Start of Block

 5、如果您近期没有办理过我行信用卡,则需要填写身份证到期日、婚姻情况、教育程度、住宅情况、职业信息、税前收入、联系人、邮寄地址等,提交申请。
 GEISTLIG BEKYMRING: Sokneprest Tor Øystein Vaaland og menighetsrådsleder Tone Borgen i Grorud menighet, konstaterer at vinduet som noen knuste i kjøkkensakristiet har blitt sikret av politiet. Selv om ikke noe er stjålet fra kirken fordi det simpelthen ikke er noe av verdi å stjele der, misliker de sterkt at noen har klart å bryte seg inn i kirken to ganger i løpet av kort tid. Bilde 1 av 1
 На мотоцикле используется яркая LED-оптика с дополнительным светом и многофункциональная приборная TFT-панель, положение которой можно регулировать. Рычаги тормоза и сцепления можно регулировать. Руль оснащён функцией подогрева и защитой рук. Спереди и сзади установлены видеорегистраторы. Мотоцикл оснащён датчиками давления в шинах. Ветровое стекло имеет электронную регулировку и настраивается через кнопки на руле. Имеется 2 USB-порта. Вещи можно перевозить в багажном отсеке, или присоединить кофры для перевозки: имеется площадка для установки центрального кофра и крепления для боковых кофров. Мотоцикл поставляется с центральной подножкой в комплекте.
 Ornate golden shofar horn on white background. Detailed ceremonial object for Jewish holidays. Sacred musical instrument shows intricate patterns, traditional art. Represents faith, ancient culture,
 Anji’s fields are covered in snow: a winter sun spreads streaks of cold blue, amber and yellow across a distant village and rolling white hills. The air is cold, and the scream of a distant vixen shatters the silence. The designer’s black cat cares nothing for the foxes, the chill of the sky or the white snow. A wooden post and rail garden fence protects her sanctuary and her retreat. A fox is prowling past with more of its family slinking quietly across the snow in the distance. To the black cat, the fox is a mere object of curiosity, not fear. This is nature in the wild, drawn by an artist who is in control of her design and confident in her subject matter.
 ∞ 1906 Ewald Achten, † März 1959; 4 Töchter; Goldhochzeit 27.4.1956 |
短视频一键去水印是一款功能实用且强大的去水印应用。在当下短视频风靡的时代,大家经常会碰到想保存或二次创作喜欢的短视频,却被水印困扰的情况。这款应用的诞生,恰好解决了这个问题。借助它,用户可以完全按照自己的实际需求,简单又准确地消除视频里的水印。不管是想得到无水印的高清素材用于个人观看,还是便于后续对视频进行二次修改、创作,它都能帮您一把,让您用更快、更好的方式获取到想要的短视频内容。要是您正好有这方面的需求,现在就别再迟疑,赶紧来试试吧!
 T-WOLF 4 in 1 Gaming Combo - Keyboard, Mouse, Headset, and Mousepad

End of Block

■ WORK TASK: Return exactly, and only, the lines from the start of the listing through the line with "GEISTLIG BEKYMRING: Sokneprest".

■ WRITTEN SOLUTION:
 5、如果您近期没有办理过我行信用卡,则需要填写身份证到期日、婚姻情况、教育程度、住宅情况、职业信息、税前收入、联系人、邮寄地址等,提交申请。
 GEISTLIG BEKYMRING: Sokneprest Tor Øystein Vaaland og menighetsrådsleder Tone Borgen i Grorud menighet, konstaterer at vinduet som noen knuste i kjøkkensakristiet har blitt sikret av politiet. Selv om ikke noe er stjålet fra kirken fordi det simpelthen ikke er noe av verdi å stjele der, misliker de sterkt at noen har klart å bryte seg inn i kirken to ganger i løpet av kort tid. Bilde 1 av 1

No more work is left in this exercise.